1b.Approach (from AD-416):
In the previous project plan, studies were initiated in order to provide a basic understanding of the development, prevalence, dissemination, and persistence of antimicrobial resistance. Molecular methods were developed for rapid identification of bacterial species and antimicrobial resistance genes. The goal of the proposed project plan is to characterize antimicrobial resistant foodborne pathogens and commensals from the extensive National Antimicrobial Resistance Monitoring System (NARMS) bacterial culture collection and other foodborne bacterial culture collections using molecular tools.
For Objective 1, genomic sequencing will be performed initially on bacterial isolates from the NARMS program to identify potential genes which can be used as genetic markers. Genetic markers will differentiate bacteria from poultry from the other major food animal sources. This information is critical for tracing bacterial sources in foodborne outbreaks or contamination of environmental areas.
For Objective 2, unique characteristics of high priority serotypes or subtypes of antimicrobial–resistant foodborne bacteria will be examined in detail using genomic sequencing, microarray analysis, and PCR. Isolates that exhibit high levels of resistance, multi-drug resistant genotypes or novel phenotypes will be given priority. Vehicles for the dissemination of resistance genes (e.g. plasmids, transposons, and integrons) will be given special focus. We will detect new or emerging antimicrobial resistance in foodborne bacteria which is essential for understanding development of antimicrobial resistance.

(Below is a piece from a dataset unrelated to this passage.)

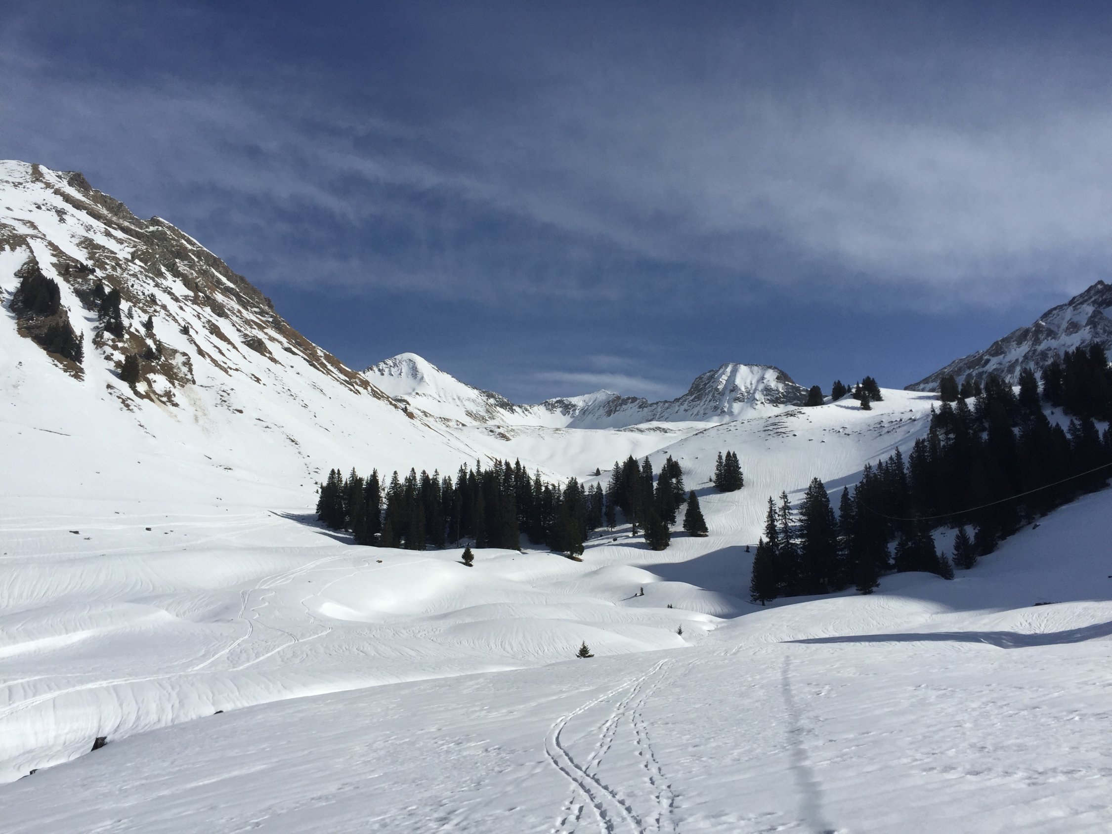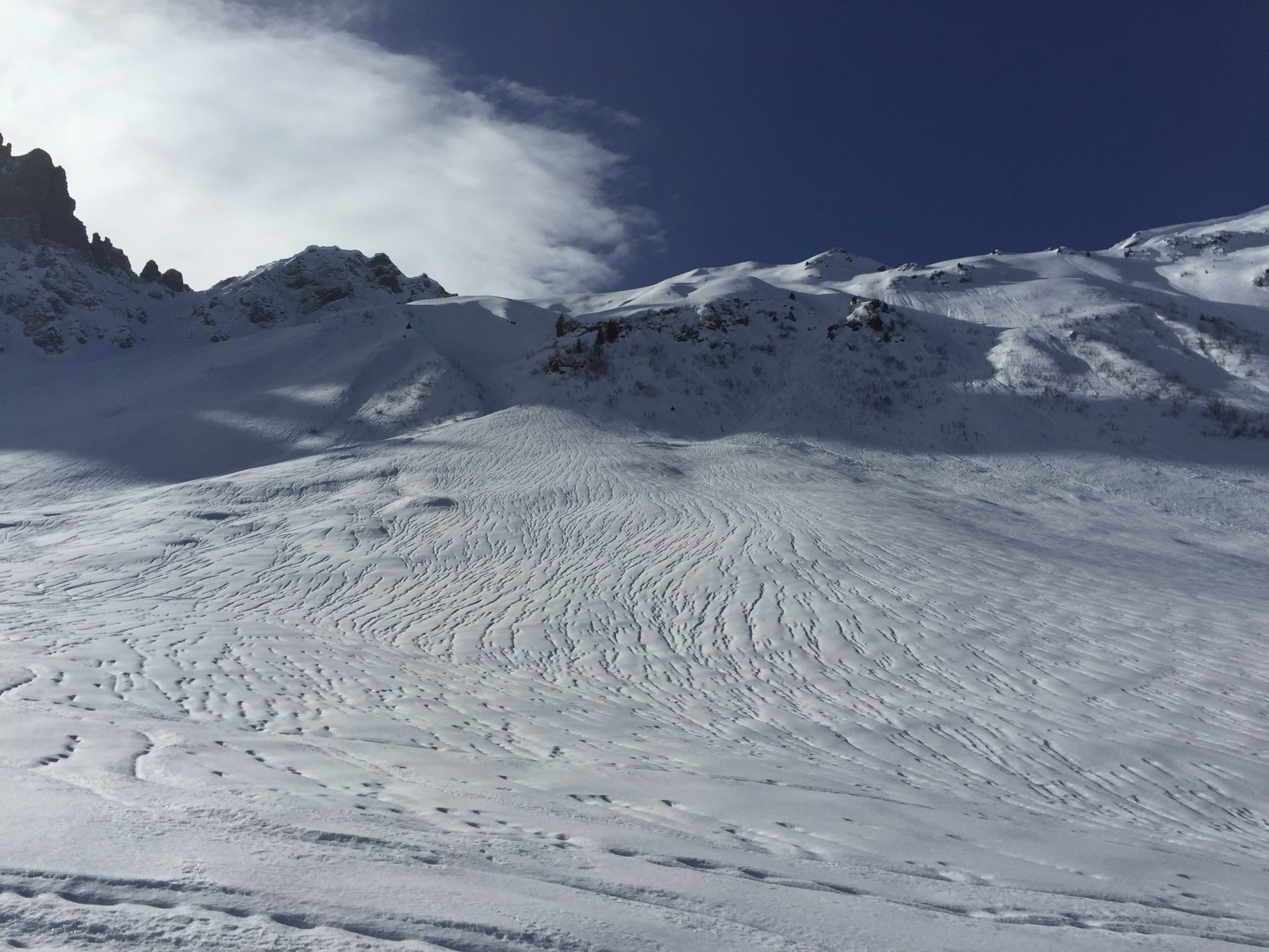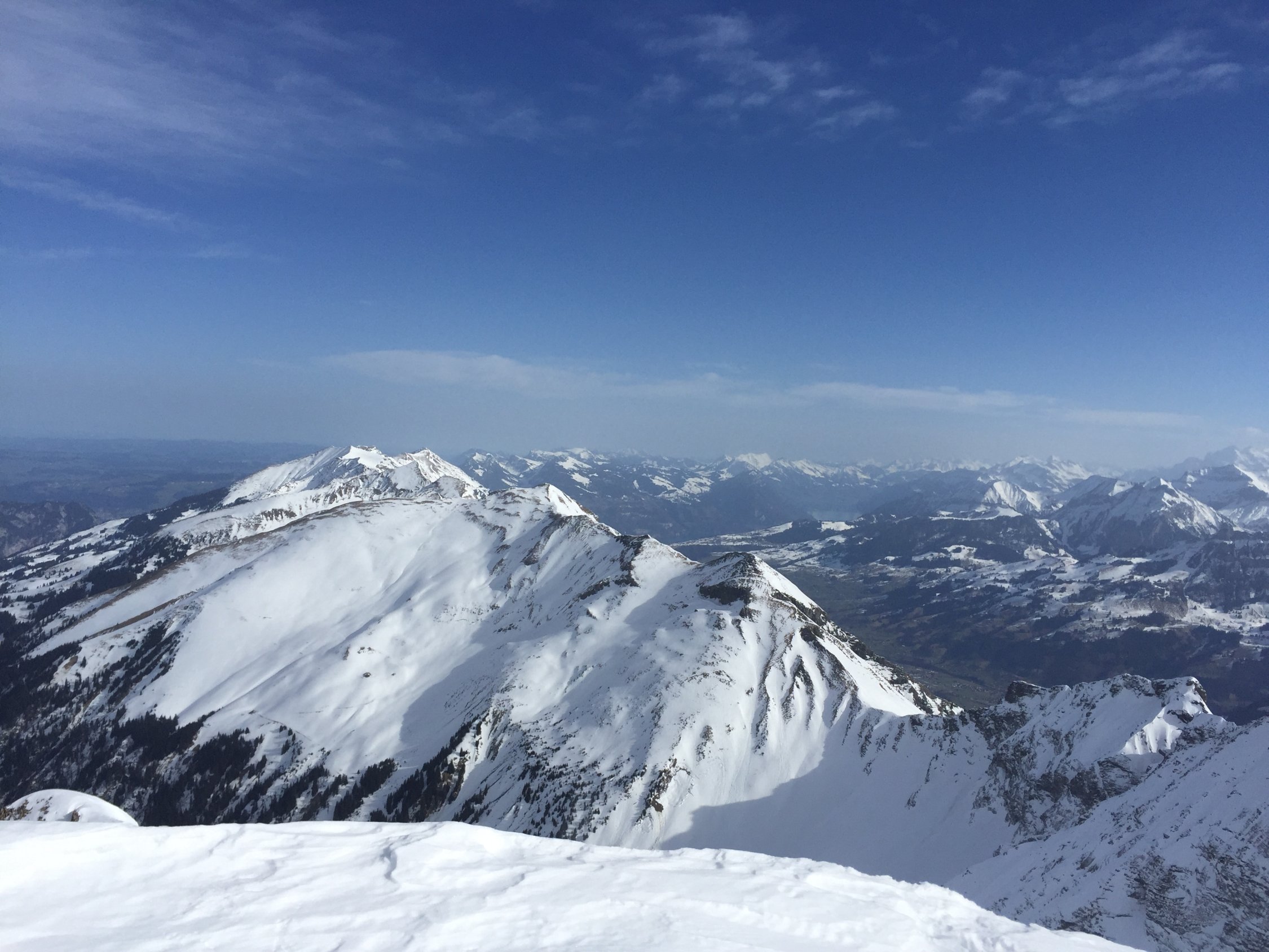 Trotz des warmen Wetters recht gute Verhältnisse. Gute Aufstiegs-Spur bis auf den Gipfel. Direktabfahrt vom Gipfel recht ordentlich. Auf dem Gipfel starker Wind aus SW.

In Objective 3, target bacterial populations identified from the above objectives will be tested for resistance to non-antimicrobial chemicals or solutions (biocides) commonly used in poultry or poultry processing. Resistance levels of isolates will be assessed followed by genetic analysis of the genes encoding the resistance. This will include bacterial conjugation to determine if the genes may be transferred within and between bacteria as well as cloning and characterization of the resistance genes. These validation studies will provide important data on resistance to commercially based non-antimicrobials in poultry processing.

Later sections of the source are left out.